▸ WHAT THE EXERCISE ASKS
Return only the lines below starting at the line containing "Kafijas, marinētu gurķu, cigoriņu" and ending at the line containing "Πασχαλινή λαμπάδα 29", both included, exactly as they are and with no pictures.

**** PROVIDED RECORDS

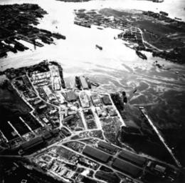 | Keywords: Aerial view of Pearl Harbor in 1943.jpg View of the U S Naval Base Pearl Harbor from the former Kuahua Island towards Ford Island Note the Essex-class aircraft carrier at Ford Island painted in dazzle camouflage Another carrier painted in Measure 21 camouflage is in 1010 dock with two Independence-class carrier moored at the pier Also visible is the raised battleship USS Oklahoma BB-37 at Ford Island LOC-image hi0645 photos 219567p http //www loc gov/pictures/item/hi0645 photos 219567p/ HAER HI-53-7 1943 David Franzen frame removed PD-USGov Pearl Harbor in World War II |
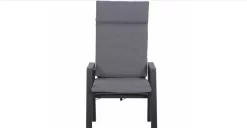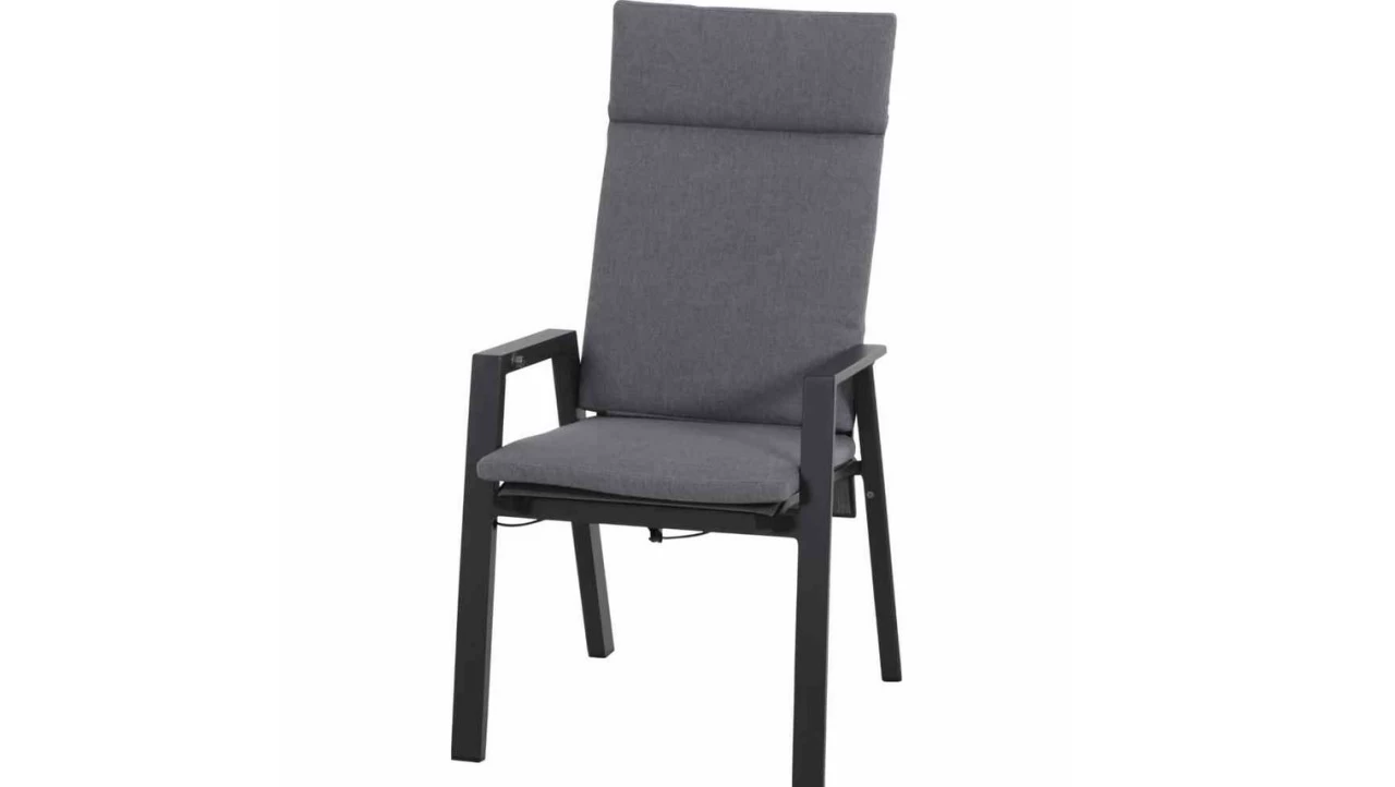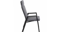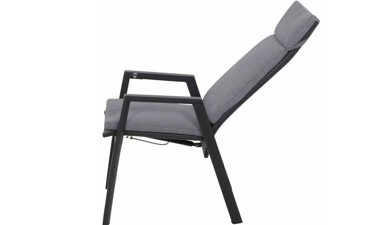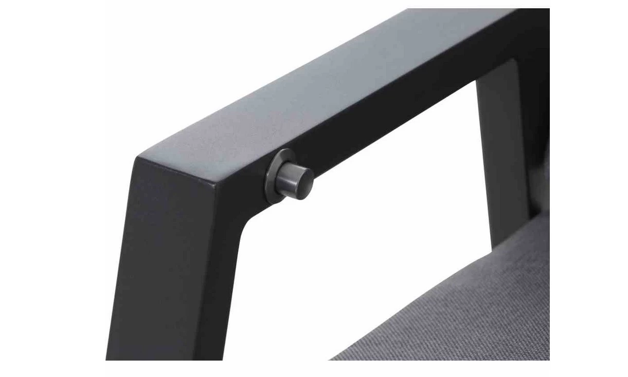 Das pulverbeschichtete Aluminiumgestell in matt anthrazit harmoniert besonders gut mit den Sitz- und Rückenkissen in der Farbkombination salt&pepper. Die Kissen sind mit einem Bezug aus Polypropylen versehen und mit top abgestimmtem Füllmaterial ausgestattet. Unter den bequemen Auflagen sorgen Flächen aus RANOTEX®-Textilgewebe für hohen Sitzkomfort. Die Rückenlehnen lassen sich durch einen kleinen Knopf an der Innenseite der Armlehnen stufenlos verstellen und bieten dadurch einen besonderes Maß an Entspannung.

********
**** PROVIDED RECORDS

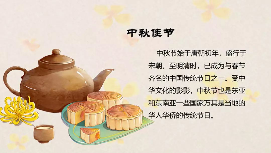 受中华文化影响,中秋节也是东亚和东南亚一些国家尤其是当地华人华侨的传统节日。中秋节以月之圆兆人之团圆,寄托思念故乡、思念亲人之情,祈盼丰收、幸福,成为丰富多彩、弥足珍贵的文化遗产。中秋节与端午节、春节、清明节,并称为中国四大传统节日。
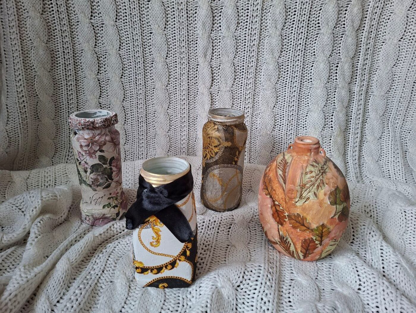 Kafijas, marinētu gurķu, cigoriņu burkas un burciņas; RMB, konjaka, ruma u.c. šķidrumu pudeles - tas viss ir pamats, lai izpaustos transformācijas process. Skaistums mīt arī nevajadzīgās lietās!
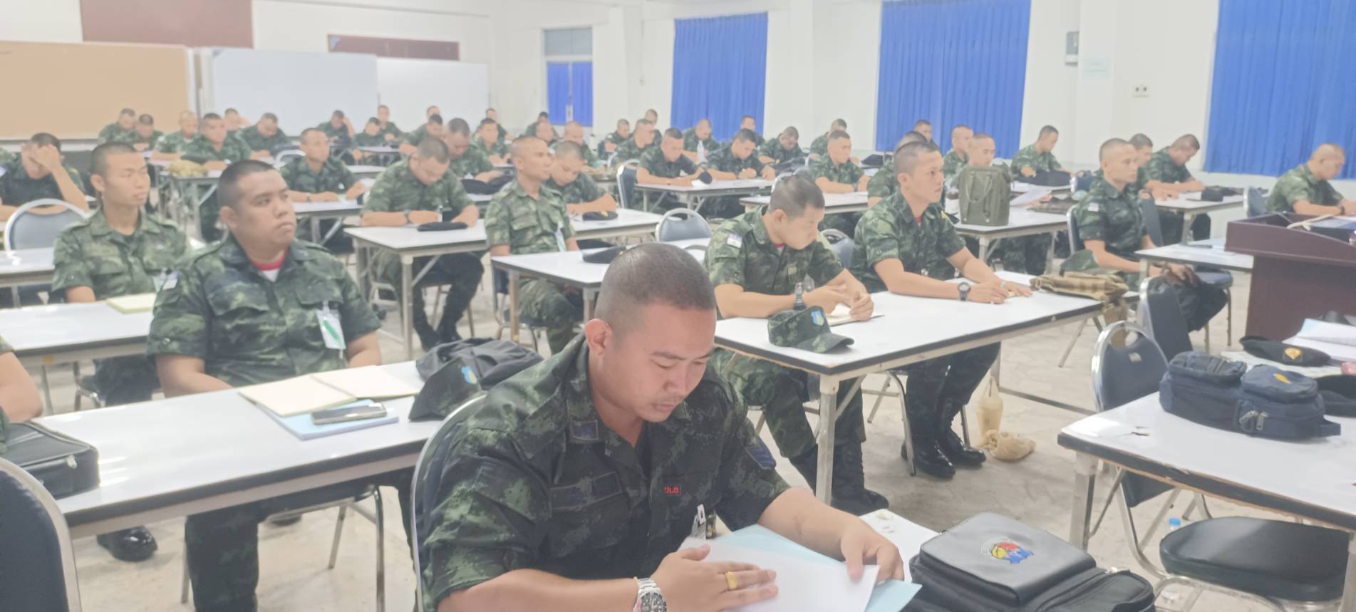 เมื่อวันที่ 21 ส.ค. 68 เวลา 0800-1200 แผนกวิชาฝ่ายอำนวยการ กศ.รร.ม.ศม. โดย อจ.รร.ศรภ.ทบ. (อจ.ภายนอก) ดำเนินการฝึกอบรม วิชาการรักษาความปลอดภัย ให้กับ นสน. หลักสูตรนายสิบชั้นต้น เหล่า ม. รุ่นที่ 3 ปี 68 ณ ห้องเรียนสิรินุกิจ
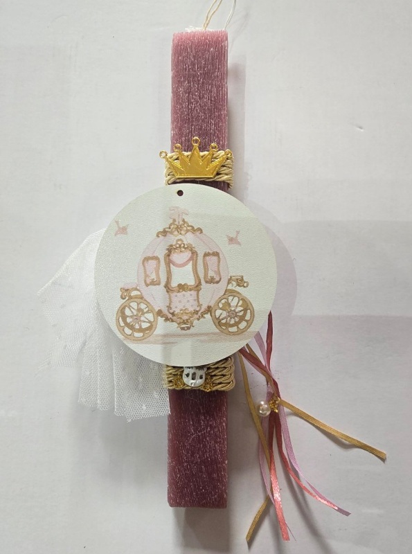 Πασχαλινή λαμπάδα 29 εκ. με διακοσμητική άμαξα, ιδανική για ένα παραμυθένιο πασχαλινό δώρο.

********

▸ TASK OUTPUT
 Kafijas, marinētu gurķu, cigoriņu burkas un burciņas; RMB, konjaka, ruma u.c. šķidrumu pudeles - tas viss ir pamats, lai izpaustos transformācijas process. Skaistums mīt arī nevajadzīgās lietās!
 เมื่อวันที่ 21 ส.ค. 68 เวลา 0800-1200 แผนกวิชาฝ่ายอำนวยการ กศ.รร.ม.ศม. โดย อจ.รร.ศรภ.ทบ. (อจ.ภายนอก) ดำเนินการฝึกอบรม วิชาการรักษาความปลอดภัย ให้กับ นสน. หลักสูตรนายสิบชั้นต้น เหล่า ม. รุ่นที่ 3 ปี 68 ณ ห้องเรียนสิรินุกิจ
 Πασχαλινή λαμπάδα 29 εκ. με διακοσμητική άμαξα, ιδανική για ένα παραμυθένιο πασχαλινό δώρο.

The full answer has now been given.